Ontario Midwives’ Attitudes About Abortion and Abortion Provision

Manavi Handa, RM, MHSc, and Simone Rosenberg, RM

Objective: In Ontario and across Canada, midwives do not provide pregnancy termination but provide referrals and support for clients. This differs from a number of international jurisdictions where abortion has been added to the midwifery scope of practice, resulting in safe outcomes for women and improved access to services. This study sought to survey Ontario midwives’ general attitudes towards abortion and willingness to incorporate abortion into the midwifery scope of practice.
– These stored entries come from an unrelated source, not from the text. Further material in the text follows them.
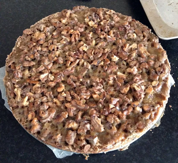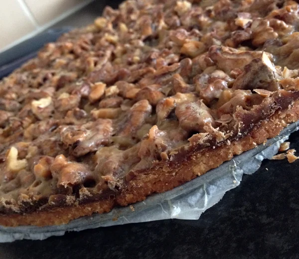 - Let erop dat je de taart na het bakken goed af laat koelen. Doordat de suiker wordt verwarmd ontstaat er karamel en dit is héél erg heet. Dit zorgt ervoor dat de walnoten aan elkaar blijven plakken dus het is wel absoluut onmisbaar.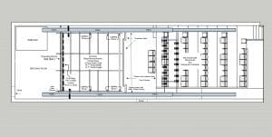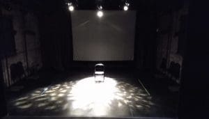 The sound system is an analog sound board with five speakers. One speaker is over house, and four are on stage (DSL, DSR, USL, USR). We have a Shure body-mic system with eight body-mics using Countrymen style mic elements, though we don’t tend to use body-mics with our indoor stage.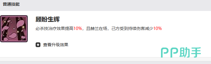 在普通攻击方面顾盼生辉也毫不逊色,此技能不仅能使必杀技的治疗效果提高10%,而且在赫兰在场的情况下,己方全体成员受到的持续伤害会减少10%,增强了团队的生存能力,被动技能摇曳生姿一旦触发,将为自身带来全方位的属性提升,包括生命上限提高15%、攻击力提高10%以及治疗效果提高10%,使得赫兰在战斗中的综合表现更加出色。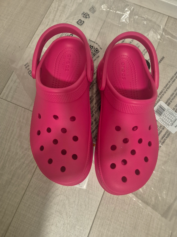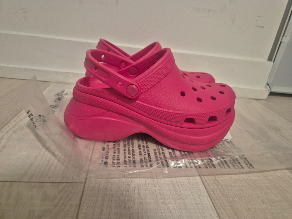 Selling a pair of pink Crocs Bae Clogs in women's size 7. These are super comfy and stylish! Perfect for adding a pop of colour to your outfit. They're New ready for a new home.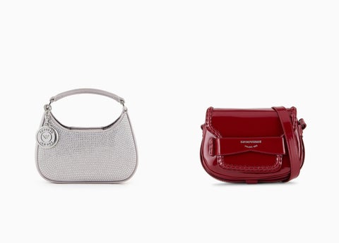 ラインストーンをあしらったサテン製のミニバッグやパテントレザーのフラップ付きショルダーバッグは、華やかな存在感でコーディネートを盛り上げます。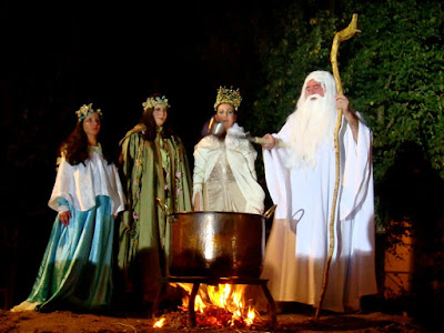 Mago a fazer queimada - poção mágica que aquece o corpo - observado por três deusas celtas. Os aldeões dão-lhes o nome de bruxas; meigas, em galego.

Ethics approval for the study was obtained from the Ryerson University Research Ethics Board.
Methods: An Internet-based cross-sectional survey was sent to all registered midwives in Ontario via the Association of Ontario Midwives. The survey consisted of seven sections, with a total of 43 Likert scale questions, 17 general questions, and space for open-ended comments at the end of each section. Comments were coded and analyzed for common themes.
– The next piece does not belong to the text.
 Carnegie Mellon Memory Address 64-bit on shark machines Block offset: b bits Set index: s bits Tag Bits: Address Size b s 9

Results: The survey was distributed to 523 midwives, all of the midwives registered in Ontario at the time of the study (2011). A total of 359 midwives participated, representing a response rate of 68% of all registered midwives in Ontario. The majority of respondents identified themselves as pro-choice; however, there were “limits to choice” expressed by many participants. Abortion was considered less acceptable at later gestations or for specific reasons such as gender selection or minor fetal anomalies. Study participants were divided over whether abortion should be added to midwifery scope of practice. Comfort with providing abortion services decreased as procedures were perceived to be more invasive or as requiring more medical expertise. The addition of misoprostol to Ontario midwives’ pharmacopoeia for early medical terminations was the most favoured expansion for midwifery scope of practice. Respondents were less willing to add surgical techniques to midwifery scope of practice. Midwives identified the current models of compensation and practice in Ontario, issues related to hospital integration, and opposition from clients as significant barriers to the provision of abortion services. Limited education about abortion during midwifery training and the desire for more learning opportunities were additional themes that emerged in this study.
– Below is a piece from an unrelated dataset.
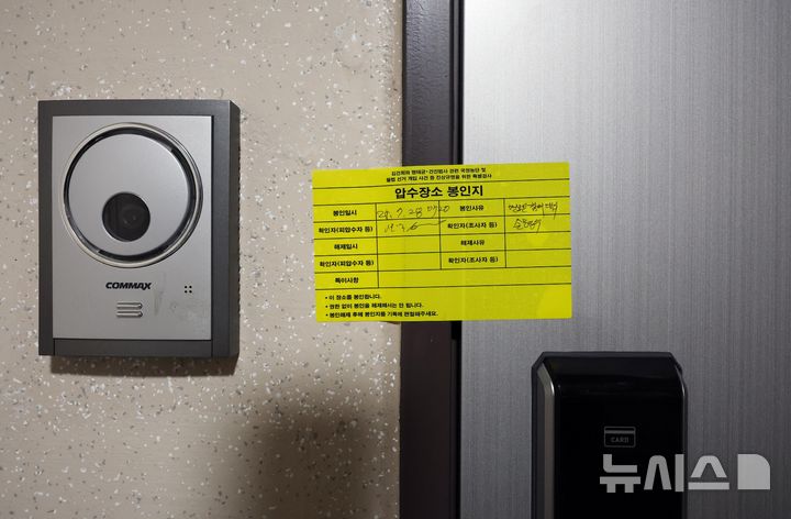 [서울=뉴시스] 이영환 기자 = 김건희 특검팀(특별검사 민중기)이 서울 노원구에 위치한 이준석 개혁신당의 대표 자택 압수수색에 나선 28일 오전 이 대표의 자택에 압수장소 봉인지가 붙어 있다. 2025.07.28. [email protected]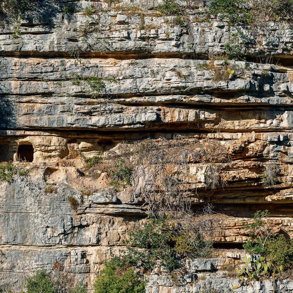 It it is full of typical Mediterranean plants, most notably tall oak trees and holm oaks. The reserve is very varied, alternating between flat lands and sheer cliffs overhanging deep gorges which, in prehistoric times, were also used by people for shelter.

Conclusion: This is the first study in Canada about midwives’ attitudes towards abortion and the inclusion of abortion within midwifery scope of practice. Further research in other Canadian jurisdictions would be useful to examine systemic issues, barriers, and attitudes at a national level. For abortion to be included within the scope of practice of Ontario midwives, issues related to the current model of care, compensation, and supplemental education would need to be addressed.

abortion, therapeutic abortion, attitudes, midwifery

This article has been peer reviewed.